Why I love ….
Agatha Christie
The true endearing love of Agatha Christie novels is how the class system is ruthlessly employed. Servants are servants, common untrustworthy lazy and so on, the vicar is always middle aged, forgetful, mousy, the young man is always wild; ‘a bad hat’. And the main deceive is always superior and over bearing.
 |
Joan Hickson, TV's face of Miss Marple.
|
Does anything typify English culture better than Miss Marple and her village St Marymead? An evil gossiping old women who knows everything, the church being the only entertainment, the lord of the manor as either colonel or a ‘tycoon’ and a collection of all village stereotypes from the stupid westcountry maid to the tear away child.
The novels harken back to a time where people knew their place in society and anyone not called ‘Bunny’ or ‘Topper’ or without a knighthood was to be treated with suspicion and contempt. Her main detectives Hercule Poirot and Jane Marple are classic characters who treat almost everyone as stupid and common and always solve the case within the week.

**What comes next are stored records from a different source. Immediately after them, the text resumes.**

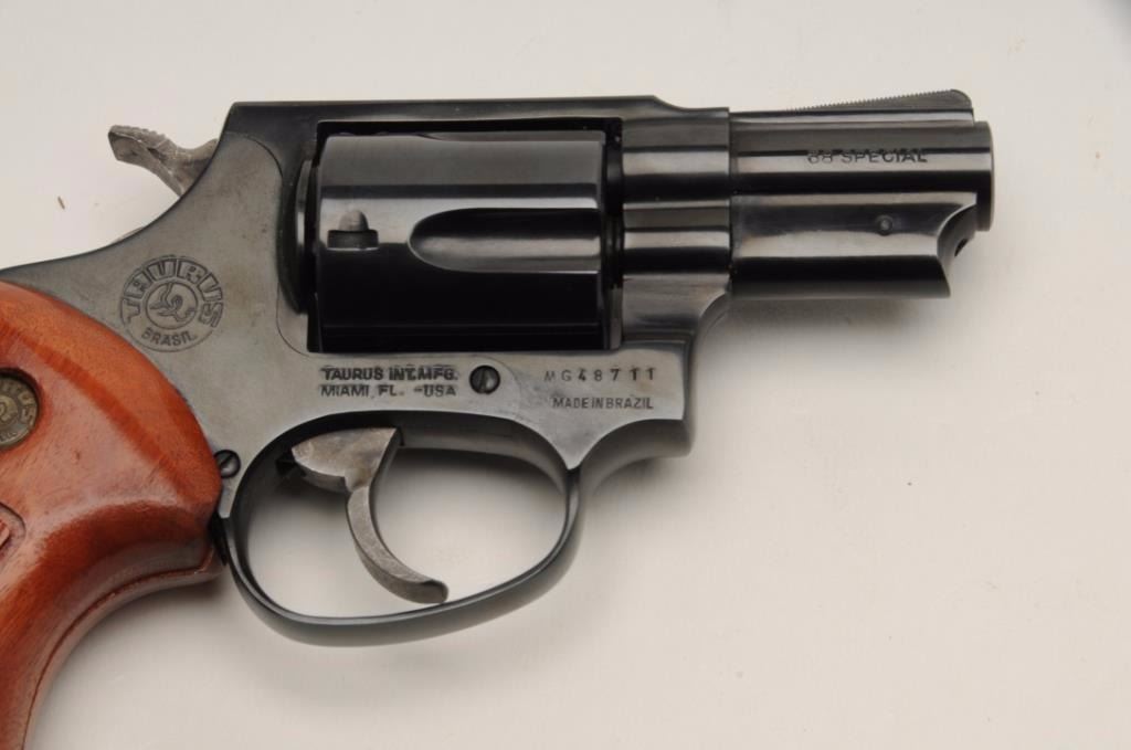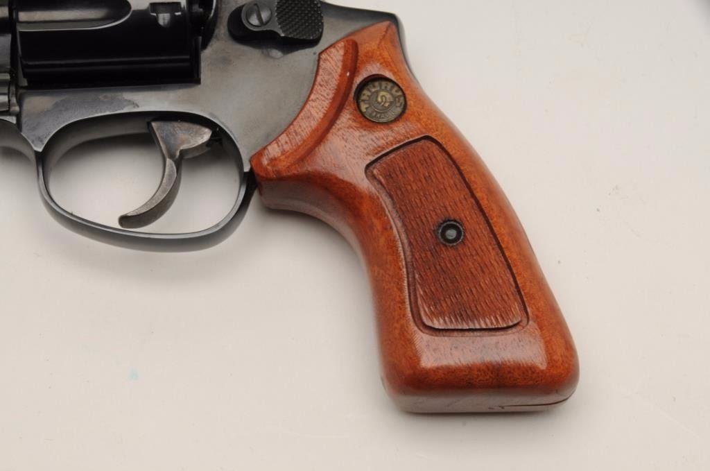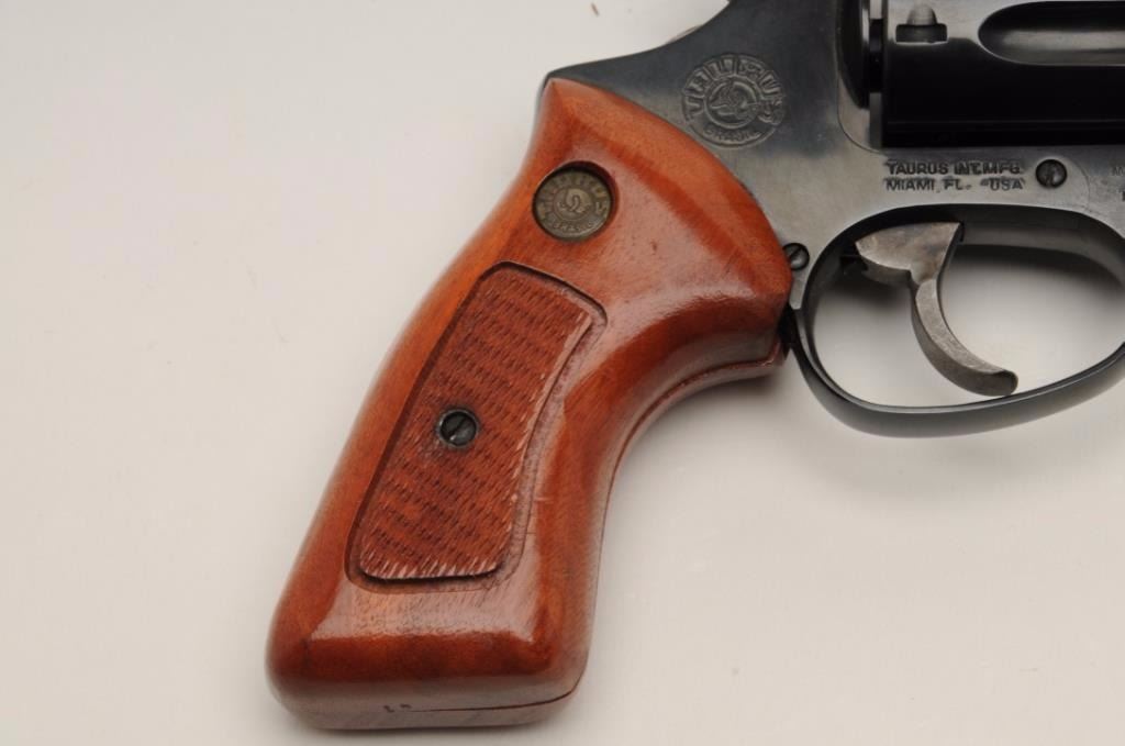 Taurus Model 85 revolver, .38 Special caliber, serial #MG48711. The pistol is in very good to nearly fine condition with a 2” barrel. The pistol retains nearly all of its blued finish with only light handling marksnoted. The hammer and trigger show significant case color. The checkered wood medallion grips are in excellent condition with sharp checkering and storage marks. The bore is very good; the action is crisp andmarkings sharp. Est.: $175-$350. (Modern).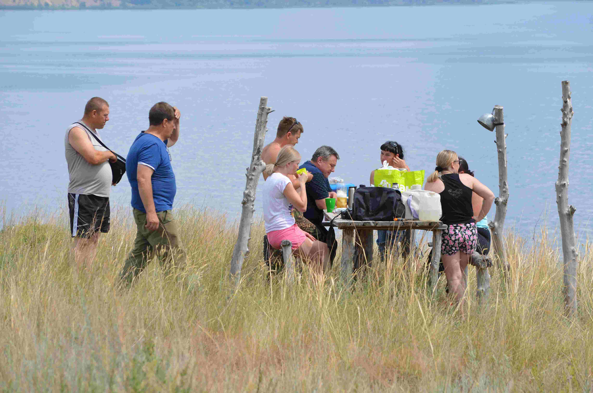 Привал на обед на обрыве за именным столом. Забыл сфотографировать табличку. Там написано кем и когда он сделан (2013год ) с приглашением отдохнуть и конечно убрать за собой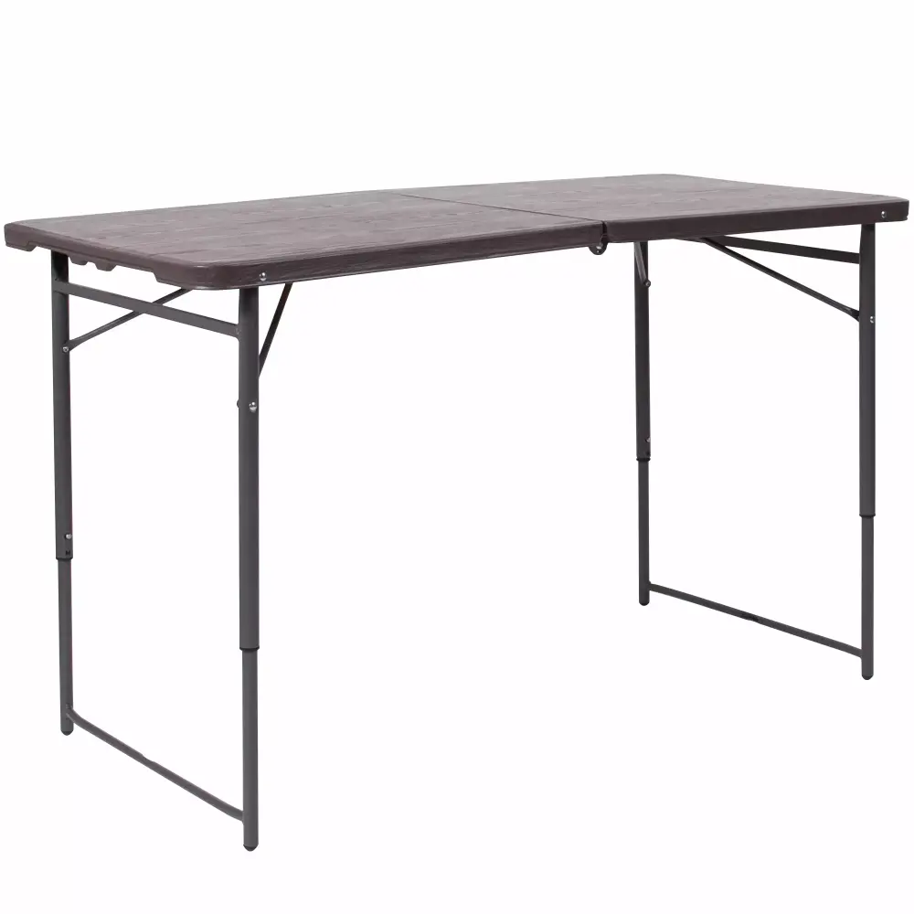 • BizChair 4-Foot Height Adjustable Bi-Fold Brown Wood Grain Plastic Folding Table with Carrying Handle

The classic scene in an Agatha Christie novel is the grand finale exposition of the murder. Rather than just saying ‘he did it and this is why…’ they always have a drawn out process where the detective goes through everyone in the room as possible murderer but ends on the actual one (who is always the least suspected and replies, ‘but you haven’t got a damn shred of proof’ then either accepts it like an offer of a cake or kills themselves).
In conclusion then Agatha Christie novels are great because they’re predictable. Same plot, same characters, same locations, same endings. They were written when toffs smashed working class filth and society was nice and peaceful, ah those were the days!
Classic Agatha Christie novels include ‘the murder of Roger Ackroyd’ (Poirot) and ‘the body in the library’ (Miss Marple).